For chromosome-scale pseudomolecule construction, markers from the genetic map were placed using two methods. SSR-based markers were placed using three successive rounds of e-PCR with N = 0, N = 1 and N = 3. Markers that had sequence associated with them, including SNP markers, were placed with BLAT⁵¹ and blastn⁵². A total of 19 breaks (16 in high coverage (>6x), 3 in low coverage (≤6x)) were made in scaffolds based on linkage group discontiguity; a subset of the broken scaffolds were combined using 257 joins to form the 11 pseudomolecule chromosomes. Map joins were denoted with 10,000 repeats of the letter N (Ns). The pseudomolecules contained 605.9 Mb out of 691.3 Mb (88%) of the assembled sequence. The final assembly contains 4,952 scaffolds with a contig L50 of 67.2 kb and a scaffold L50 of 53.9 Mb. The completeness of the resulting assembly was estimated using 1,007,962 ESTs from BRASUZ1. The goal of this analysis was to obtain an estimate of the completeness of the assembly, rather than to do a comprehensive examination of gene space. Briefly, ESTs <300 bp were removed, along with chloroplast, mitochondrial or rDNA ESTs. All duplicate ESTs were placed against the genome using BLAT⁵¹. The remaining ESTs were screened for alignments that had ≥90% identity and ≥85% EST coverage. The screened alignments indicated that 98.98% of available expressed gene loci were included in the 11 chromosome assemblies.

Gene prediction

To produce the current gene set, we used the homology-based FgenesH and GenomeScan predictions. The best gene prediction at each locus was selected and integrated with EST assemblies using the PASA program³⁷. The gene set shown in the browser was generated from the input gene models at JGI. The gene prediction pipeline was structured as follows: peptides from diverse angiosperms and ∼260,000 EST assemblies (from ∼2.9 M filtered E. grandis ESTs and ∼2.4 M EST sequences from other closely related (‘sister’) Eucalyptus species, assembled with PASA) were aligned to the genome and their overlaps used to define putative protein-coding gene loci. The corresponding genomic regions were extended by 1 kb in each direction and submitted to FgenesH and GenomeScan, along with related angiosperm peptides and/or ORFs from the overlapping EST assemblies. These two sets of predictions were integrated with expressed sequence information using PASA³⁷ against ∼260,000 Eucalyptus EST assemblies. The results were filtered to remove genes identified as transposon-related.

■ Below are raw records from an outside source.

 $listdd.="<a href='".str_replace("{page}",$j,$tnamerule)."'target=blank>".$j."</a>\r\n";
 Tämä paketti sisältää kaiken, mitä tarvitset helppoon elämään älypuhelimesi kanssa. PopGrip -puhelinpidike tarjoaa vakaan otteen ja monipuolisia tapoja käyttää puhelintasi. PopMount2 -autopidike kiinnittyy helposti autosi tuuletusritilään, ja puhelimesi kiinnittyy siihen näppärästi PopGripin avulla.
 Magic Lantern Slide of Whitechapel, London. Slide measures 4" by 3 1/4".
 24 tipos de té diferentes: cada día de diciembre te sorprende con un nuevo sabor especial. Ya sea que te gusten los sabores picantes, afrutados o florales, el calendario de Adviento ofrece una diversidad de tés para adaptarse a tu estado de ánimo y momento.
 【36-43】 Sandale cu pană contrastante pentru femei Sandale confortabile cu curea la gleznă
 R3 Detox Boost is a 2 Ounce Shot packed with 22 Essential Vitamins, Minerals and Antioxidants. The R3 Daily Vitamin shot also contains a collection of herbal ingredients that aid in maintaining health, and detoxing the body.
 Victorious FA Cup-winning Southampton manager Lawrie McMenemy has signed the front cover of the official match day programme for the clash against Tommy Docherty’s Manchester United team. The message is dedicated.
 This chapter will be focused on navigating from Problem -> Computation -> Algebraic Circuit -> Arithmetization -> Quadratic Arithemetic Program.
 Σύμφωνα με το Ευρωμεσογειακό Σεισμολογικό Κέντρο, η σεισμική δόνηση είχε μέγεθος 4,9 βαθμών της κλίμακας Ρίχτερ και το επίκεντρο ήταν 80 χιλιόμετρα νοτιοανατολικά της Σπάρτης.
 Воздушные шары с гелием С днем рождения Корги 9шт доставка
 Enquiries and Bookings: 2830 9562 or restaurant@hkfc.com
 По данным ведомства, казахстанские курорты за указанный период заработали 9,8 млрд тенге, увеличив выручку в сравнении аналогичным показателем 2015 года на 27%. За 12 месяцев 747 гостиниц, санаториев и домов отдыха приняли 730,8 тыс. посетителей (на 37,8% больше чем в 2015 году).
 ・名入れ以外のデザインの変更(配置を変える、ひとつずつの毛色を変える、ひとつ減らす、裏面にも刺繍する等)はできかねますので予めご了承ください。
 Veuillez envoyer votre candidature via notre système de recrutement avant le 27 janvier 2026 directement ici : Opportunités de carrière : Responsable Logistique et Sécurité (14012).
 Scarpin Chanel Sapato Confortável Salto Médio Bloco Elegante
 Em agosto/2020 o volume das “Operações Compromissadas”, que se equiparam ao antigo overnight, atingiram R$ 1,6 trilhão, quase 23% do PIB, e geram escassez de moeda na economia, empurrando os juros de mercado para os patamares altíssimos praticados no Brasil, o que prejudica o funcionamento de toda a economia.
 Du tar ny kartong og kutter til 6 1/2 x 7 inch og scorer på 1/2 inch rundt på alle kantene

Gene family cluster and gene ontology analysis

The Inparanoid algorithm^38,39 was used to identify orthologous and paralogous genes that arose through duplication events. Clusters were determined using a reciprocal best pair match and then an algorithm for adding in-paralogues was applied. The peptide sequences used were from Arabidopsis lyrata, Arabidopsis thaliana, Brachypodium distachyon, Caenorhabditis elegans, Chlamydomonas reinhardtii, Danio rerio, Ectocarpus siliculosus, Escherichia coli, Eucalyptus grandis, Fragaria vesca, Glycine max, Homo sapiens, Jatropha curcas, Mus musculus, Neurospora crassa, Nostoc punctiforme, Oryza sativa, Phoenix dactylifera, Physcomitrella patens, Populus trichocarpa, Saccharomyces cerevisiae, Schizosaccharomyces pombe, Selaginella moellendorffii, Solanum tuberosum, Sorghum bicolor, Synechocystis pcc6803, Theobroma cacao, Vitis vinifera and Zea mays. The sequences were downloaded from Gramene^53,54, Phytozome (http://www.phytozome.net) and Ensembl (http://www.ensembl.org). A functional annotation pipeline similar to the one used for strawberry genome annotation¹⁰ was used to infer Gene Ontology⁵⁵ assignments to 29,841 protein coding genes (∼82%). Peptide sequences were analysed through an integrated approach involving Interproscan⁴⁰, SignalP⁴¹, Predotar⁴², TMHMM⁴³ and orthology-based projections from Arabidopsis.

Green plant phylogeny

We used an integrated approach of gene orthology clustering¹⁰ and an automated workflow for phylogenomic analyses⁵⁶ to reconstruct land plant phylogeny of peptide sequences. A total of 174,020 peptides encoded by single-copy protein coding orthologous nuclear genes from 17 plant genomes (Supplementary Data 7) were identified, aligned and assembled into a supermatrix resulting from conservative and liberal superalignments that retained 42.26% (697,423 amino acids) and 46.35% (764,978 amino acids) of the original 1,650,340 amino acid concatenated alignment for maximum likelihood phylogenetic reconstruction⁴⁴, respectively (Supplementary Data 7). These alignments come from 3268 orthologous gene clusters with each cluster carrying single copy genes from at least 9 (50%) species.

Protein domain analysis

Domains and domain arrangements were compared within the rosids to distinguish a core set of domains and arrangements present in all rosids and those shared by one or more of the four rosid lineages included in the analysis (Supplementary Data 8). Domains occurring at twice the frequency in Eucalyptus compared to the average abundance in the rosids were defined as overrepresented. If several splice variants were present for one protein, we excluded all but the longest transcript. All proteomes were scanned for domains with the Pfam_scan utility and HMMER 3.0 against the Pfam-A and Pfam-B databases⁵⁷. For the annotation of Pfam-A domains, we used the model-defined gathering threshold and query sequences were required to match at least 30% of the defining model⁵⁸. Pfam-B domains were annotated using an e-value cutoff of 10⁻³. When possible, Pfam-A domains were mapped to clans and consecutive stretches of the same domain were collapsed into one large pseudo-domain^59,60. We defined domain arrangements as ordered sets of domains for each protein. For the analysis of arrangements, only Pfam-A domains were used.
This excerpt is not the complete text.